Work item:
Everything in the listing should be transcribed exactly, apart from the pictures.

Supplied material:
== Segment start ==

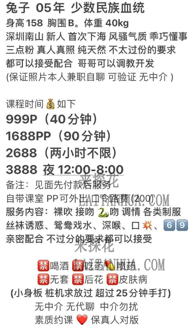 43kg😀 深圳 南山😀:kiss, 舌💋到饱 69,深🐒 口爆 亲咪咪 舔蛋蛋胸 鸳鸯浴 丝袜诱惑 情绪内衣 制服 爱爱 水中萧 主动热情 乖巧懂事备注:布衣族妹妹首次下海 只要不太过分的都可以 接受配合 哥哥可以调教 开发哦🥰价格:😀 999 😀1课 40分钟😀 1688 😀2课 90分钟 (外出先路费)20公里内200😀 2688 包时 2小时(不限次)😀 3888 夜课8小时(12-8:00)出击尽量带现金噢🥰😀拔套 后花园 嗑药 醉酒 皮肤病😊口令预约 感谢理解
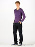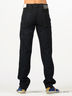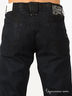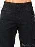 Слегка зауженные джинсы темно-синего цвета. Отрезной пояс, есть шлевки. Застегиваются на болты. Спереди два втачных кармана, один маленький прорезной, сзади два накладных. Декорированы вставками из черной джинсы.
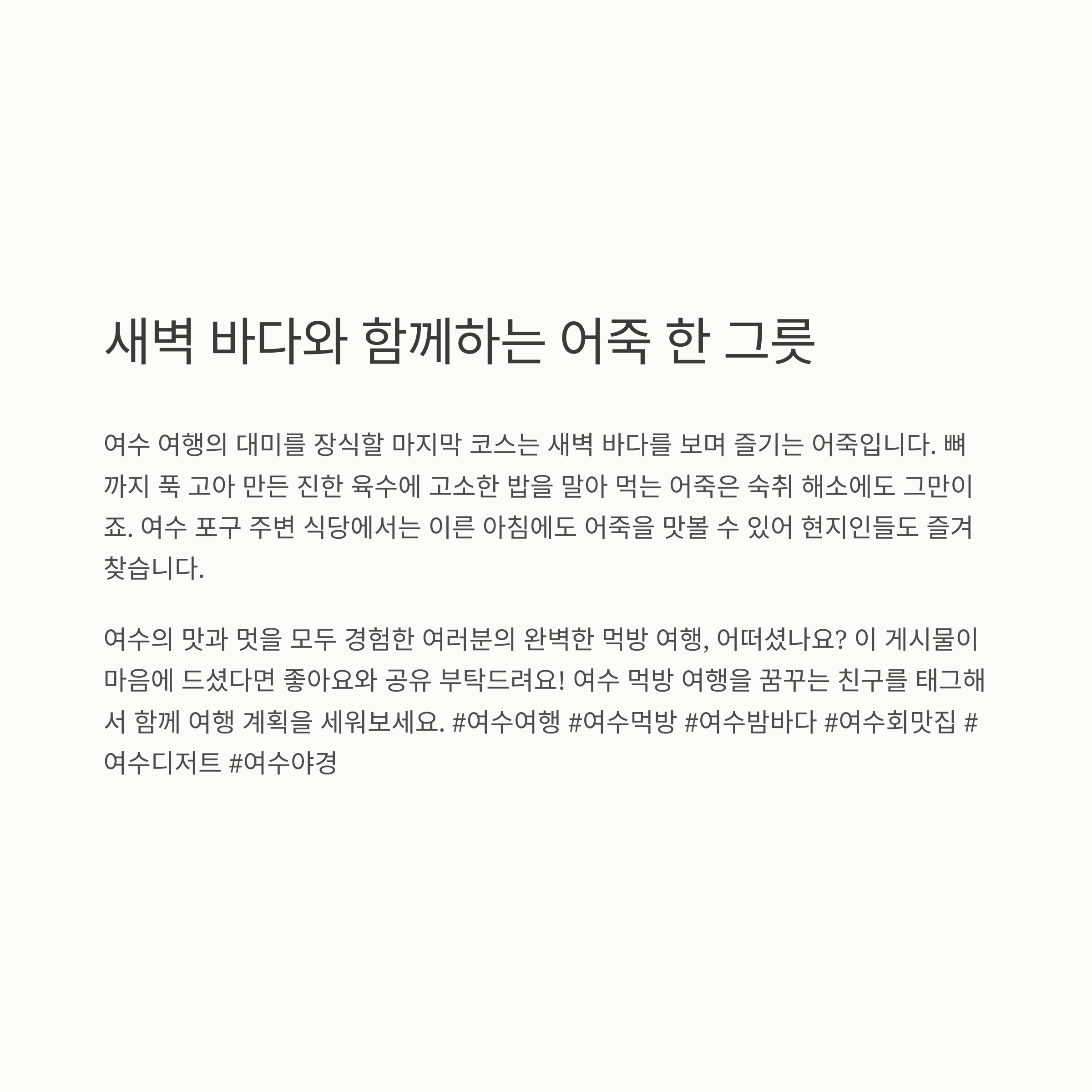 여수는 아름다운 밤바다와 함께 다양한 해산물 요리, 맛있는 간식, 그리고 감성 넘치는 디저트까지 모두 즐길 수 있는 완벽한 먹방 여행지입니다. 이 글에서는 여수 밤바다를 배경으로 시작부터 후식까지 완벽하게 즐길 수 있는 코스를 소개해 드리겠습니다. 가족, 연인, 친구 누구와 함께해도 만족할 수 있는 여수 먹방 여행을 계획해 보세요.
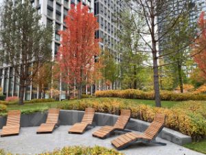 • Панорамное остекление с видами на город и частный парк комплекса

== Segment end ==

Answer for this exercise:
 43kg😀 深圳 南山😀:kiss, 舌💋到饱 69,深🐒 口爆 亲咪咪 舔蛋蛋胸 鸳鸯浴 丝袜诱惑 情绪内衣 制服 爱爱 水中萧 主动热情 乖巧懂事备注:布衣族妹妹首次下海 只要不太过分的都可以 接受配合 哥哥可以调教 开发哦🥰价格:😀 999 😀1课 40分钟😀 1688 😀2课 90分钟 (外出先路费)20公里内200😀 2688 包时 2小时(不限次)😀 3888 夜课8小时(12-8:00)出击尽量带现金噢🥰😀拔套 后花园 嗑药 醉酒 皮肤病😊口令预约 感谢理解
 Слегка зауженные джинсы темно-синего цвета. Отрезной пояс, есть шлевки. Застегиваются на болты. Спереди два втачных кармана, один маленький прорезной, сзади два накладных. Декорированы вставками из черной джинсы.
 여수는 아름다운 밤바다와 함께 다양한 해산물 요리, 맛있는 간식, 그리고 감성 넘치는 디저트까지 모두 즐길 수 있는 완벽한 먹방 여행지입니다. 이 글에서는 여수 밤바다를 배경으로 시작부터 후식까지 완벽하게 즐길 수 있는 코스를 소개해 드리겠습니다. 가족, 연인, 친구 누구와 함께해도 만족할 수 있는 여수 먹방 여행을 계획해 보세요.
 • Панорамное остекление с видами на город и частный парк комплекса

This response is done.